Automated data entry software programs remove the inefficiencies of the paperwork done by humans. Businesses are choosing to automate their data entry processes completely for reducing costs, saving time, better accuracy, increasing productivity, and even increasing business scalability.

Few advantages of adopting information access automation are listed below:

●    Greater accuracy

Automated information access software programs leverage AI & ML competencies to extract information correctly and minimise post-processing. Such algorithms are prepared to deal with common information constraints & remove errors.

●    Reduces costs

Record keeping and data entry mostly requires hiring dedicated data entry professionals. You can easily reduce operational costs by doing away with inefficient processes done manually by leveraging OCR and Artificial intelligence.

●    Saves time

You can save up to 75% of time spent on data entry by deploying OCR. It helps in improving and creating efficient data processing workflows by faster data entry processes.

●    Highly scalable

You can equip yourself to handle any unexpected spike in data entry demand for huge volumes of data

●    Increases productivity

Allocate man-hours and resources to much more productive tasks that immediately affect the bottom line.

●    Increases worker satisfaction

Repetitive manual data entry processes impact workers, you can easily eliminate the need of monotonous data entry requirements and effectively engage your employees in more productive tasks.

When to automate records analytics?

Automation can truly advance and enhance the data analytics process, but the real question is when exactly should you deploy automation? As a basic rule, it is most appropriate for rules-based, repetitive tasks that are a part of a stable business process. However, with advancements in Artificial Intelligence, it has become possible to automate even the cognitive tasks that may not be rules-based.

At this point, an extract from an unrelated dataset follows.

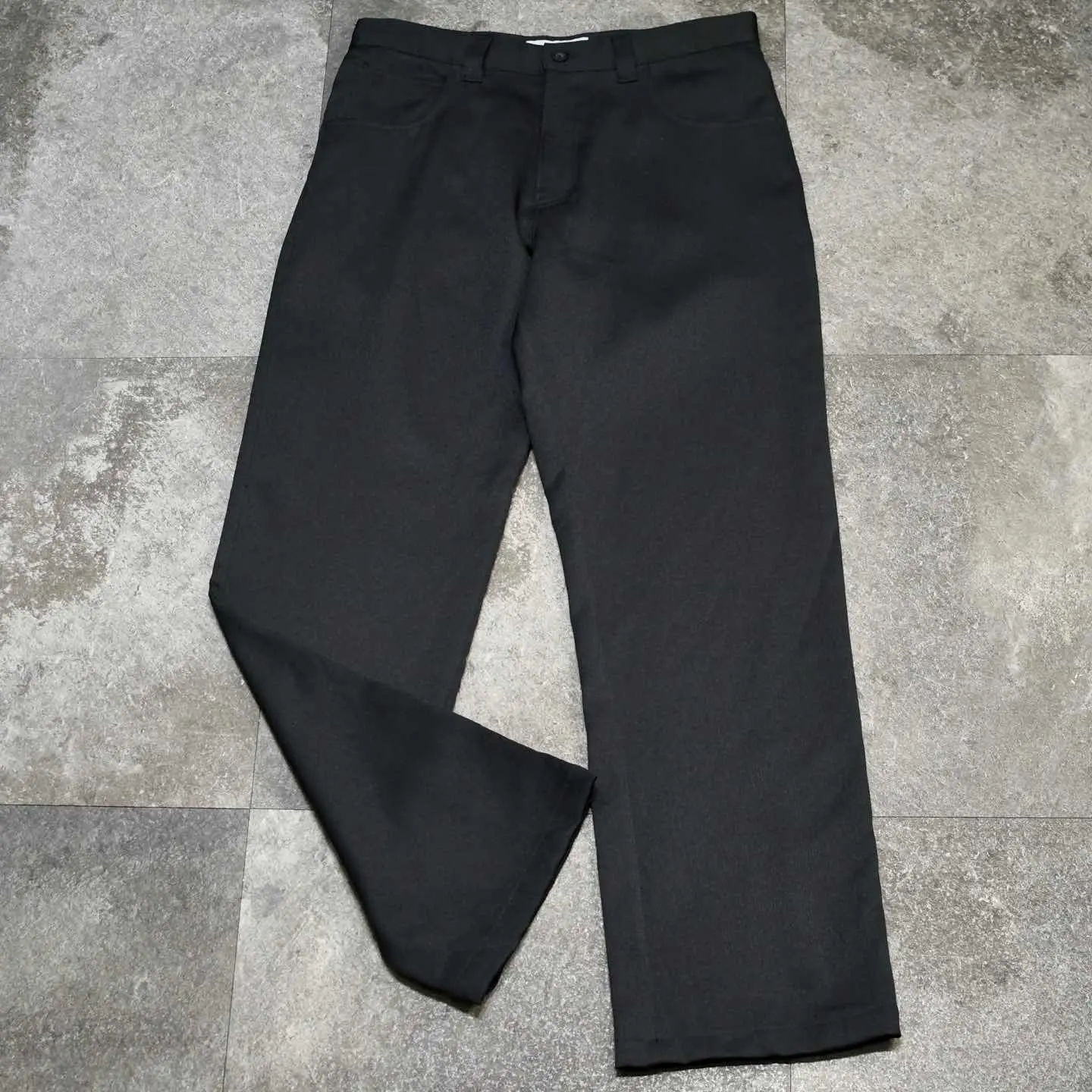SIZE:32x32 ウエスト82cm 総丈104cm 股下79cm わたり34cm 裾幅24cm fabric/poly 着用画像 177cm/64kg オランダ発のブランドC&Aのラインのひとつ、 "clock house"から。 "スラックスだと雑に履けないし、 チノやデニムじゃカジュアル過ぎる" こちらはそんな贅沢な悩みを解決してくれる 1本ではないでしょうか。 シワになりにくいポリエステル生地と、 裾まですとんと落ちるストレートなシルエットで 様々なトップスと合わせられて、 尚且つ雑にも履けるパンツです。 カーキやベージュ、ブルーなどカジュアルな パンツで見掛ける頻度の高いカラーでは 困りませんが、何気に"黒で雑に履けるパンツ"って 数少ない気がします。 チープな印象を持たれやすいポリ生地ですが、 タフさやシワのなりにくさから、個人的には 好きな生地のひとつ。 改めて、そんなパンツを手元に置きたいなと 感じさせてくれた逸品です。 ※裾上げ等のレングス直しにつきましては、 購入前に、必ずご連絡お願い致します。 ※撮影状況により、実物と多少色が異なる 場合がございます。 ※サイズは着用感で選んでおり、 表記サイズは説明欄の最初に記載しております。 vintage ヴィンテージ used 80's 90's POLO RALPH LAUREN Eddie Bauer OLD GAP LANDS' END ランズエンド LLBean エルエルビーン オールドギャップ エディーバウアー ラルフローレン ブルックスブラザーズ Brooks Brothers などがお好きな方 #vintage #old #used #90s #80s #古着 #ヴィンテージ #LLBean #EddieBauer #oldgap #LANDSEND #ラルフローレン #POLORALPHLAUREN #ブルックスブラザーズ #BrooksBrothers

Many analytical responsibilities could use automation:

  • Creating dashboards, and reporting in a trendy fashion, are perfect applications for automation. Automated analytics structures can help in streaming, processing, and aggregating records for publishing to interactive plots and live data summaries.
  • Automation simplifies records preservation responsibilities which include editing and tuningthe records in a data warehouse. An enterprise needs to take advantage of the numerous equipment that facilitates mechanically integrating new records, reassessing or migrating records from legacy structures.
  • Data entry automation can streamline records coaching responsibilities. Tools like visible programming platforms can mechanically label records, educate and validate models, and iterate verification of the runs to optimize parameters.
  • Another crucial application for an enterprise could be automating data validation to detect typos, flag off and impute missing values, while identifying content and formats that do not match a dynamic data model. Through this type of analytics automation, you will not only be able to streamline data modelling processes, but also will be able to enforce adherence to the dynamic data models by automatically analysing and transforming data.

When you are at a business juncture, where you think the above mentioned analytical responsibilities can be automated, that is when you must deploy data entry automation.

Read about Data entry automation Uses cases .

How does KlearStack enable businesses to automate their data processing?

KlearStack Artificial Intelligence automates the acquisition of invoices and free-form expense reports, resulting in fewer corrections, lower costs, and faster payments. KlearStack provides automated invoice processing without templates, reducing the hassle of manual entry of unstructured documents. Say no to templates and regex rules!

Interested in Intelligent Data Entry Automation Tools?

The OCR Platform from KlearStack is an intelligent data digitization solution which is powered by AI technology, and can accurately extract data from a variety of documents.

Ashutosh Saitwal
Ashutosh Saitwal

Ashutosh is the founder and director of the award winning KlearStack AI platform. You can catch him speaking at NASSCOM events around the world where he speaks and is an evangelist for RPA, AI, Machine Learning and Intelligent Document Processing.